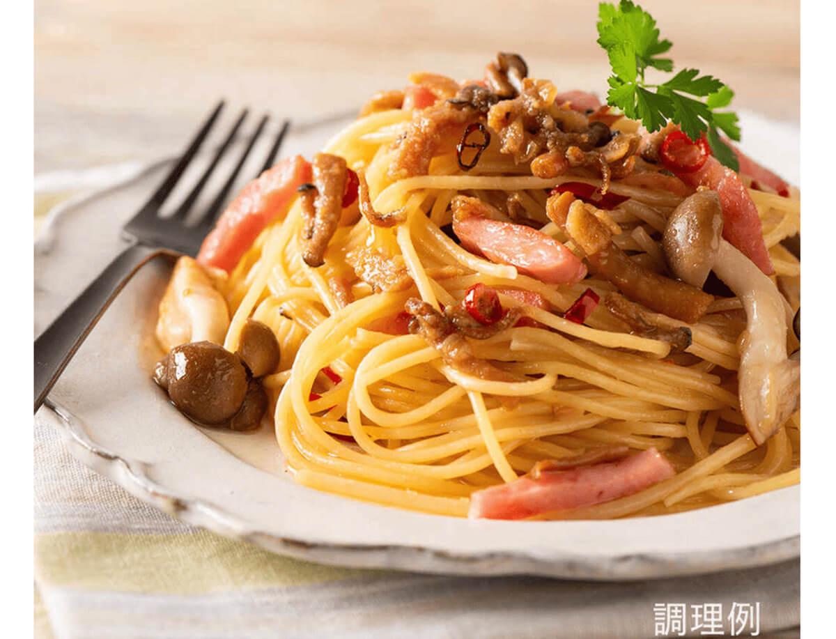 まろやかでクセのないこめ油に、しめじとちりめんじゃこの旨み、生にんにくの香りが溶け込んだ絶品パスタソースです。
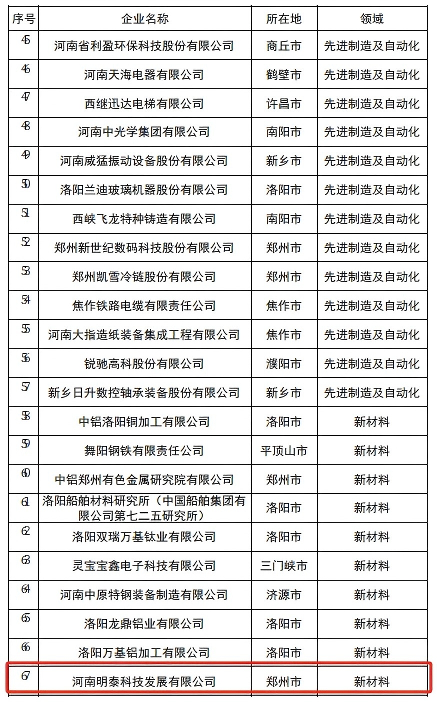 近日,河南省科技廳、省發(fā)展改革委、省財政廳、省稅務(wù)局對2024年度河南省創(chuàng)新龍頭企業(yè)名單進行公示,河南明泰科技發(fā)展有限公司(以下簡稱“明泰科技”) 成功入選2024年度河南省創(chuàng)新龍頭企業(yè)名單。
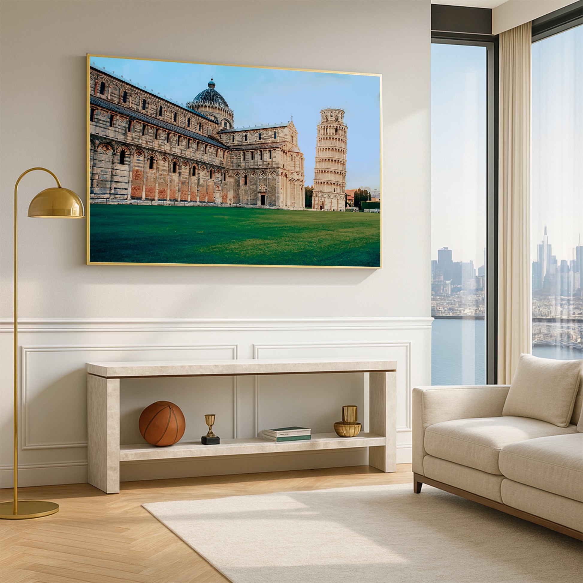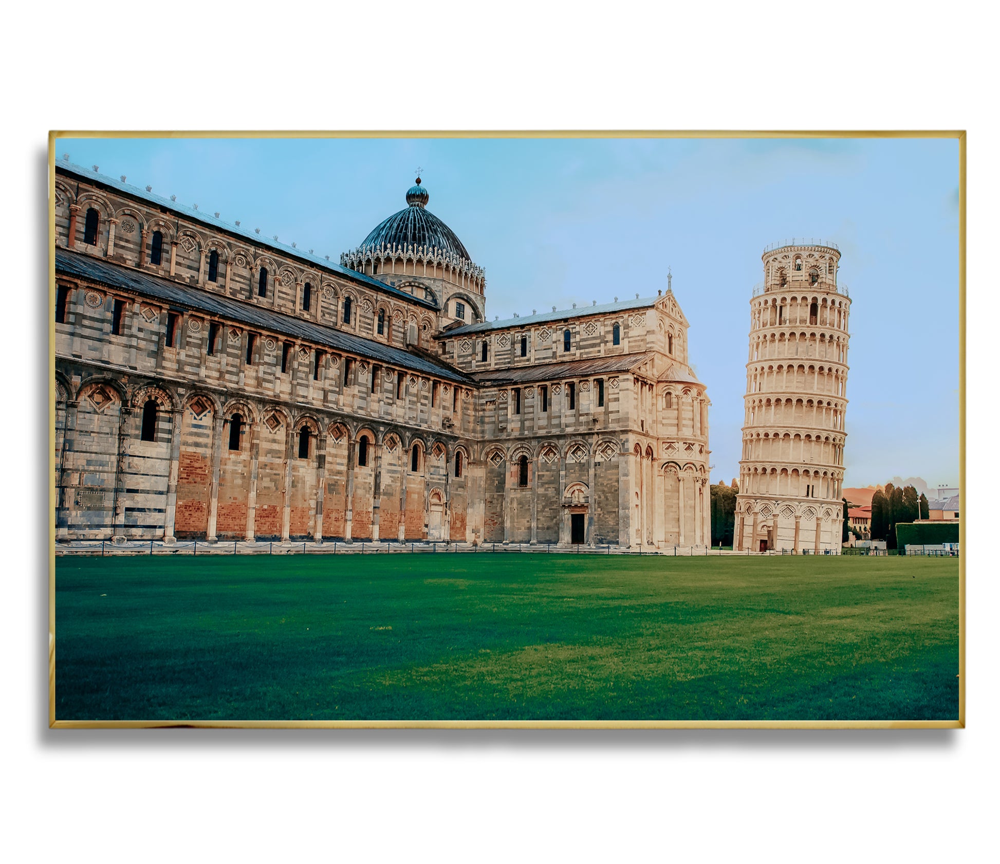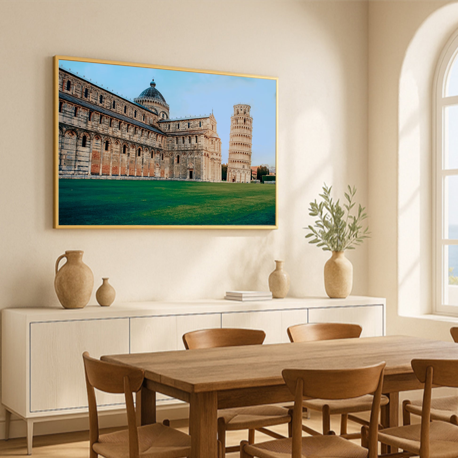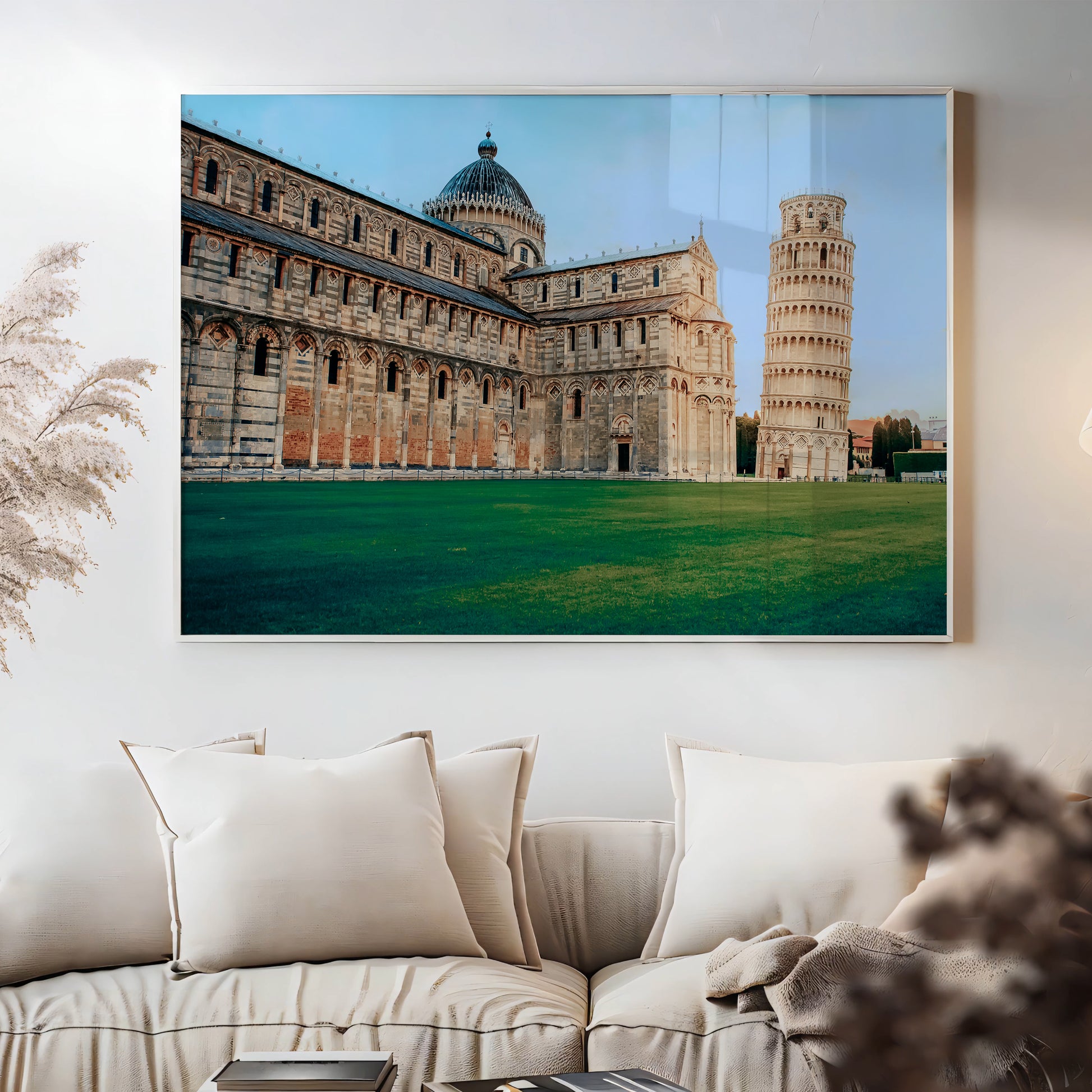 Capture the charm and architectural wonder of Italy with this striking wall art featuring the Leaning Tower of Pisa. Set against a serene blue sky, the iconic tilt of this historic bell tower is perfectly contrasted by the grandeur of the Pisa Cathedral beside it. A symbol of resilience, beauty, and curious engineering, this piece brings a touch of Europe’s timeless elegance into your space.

> Problem statement: Return the opening line of the data above and every line after it up to and including the line that holds "近日,河南省科技廳、省發(f"; pictures stay out.

> Expected answer:
 まろやかでクセのないこめ油に、しめじとちりめんじゃこの旨み、生にんにくの香りが溶け込んだ絶品パスタソースです。
 近日,河南省科技廳、省發(fā)展改革委、省財政廳、省稅務(wù)局對2024年度河南省創(chuàng)新龍頭企業(yè)名單進行公示,河南明泰科技發(fā)展有限公司(以下簡稱“明泰科技”) 成功入選2024年度河南省創(chuàng)新龍頭企業(yè)名單。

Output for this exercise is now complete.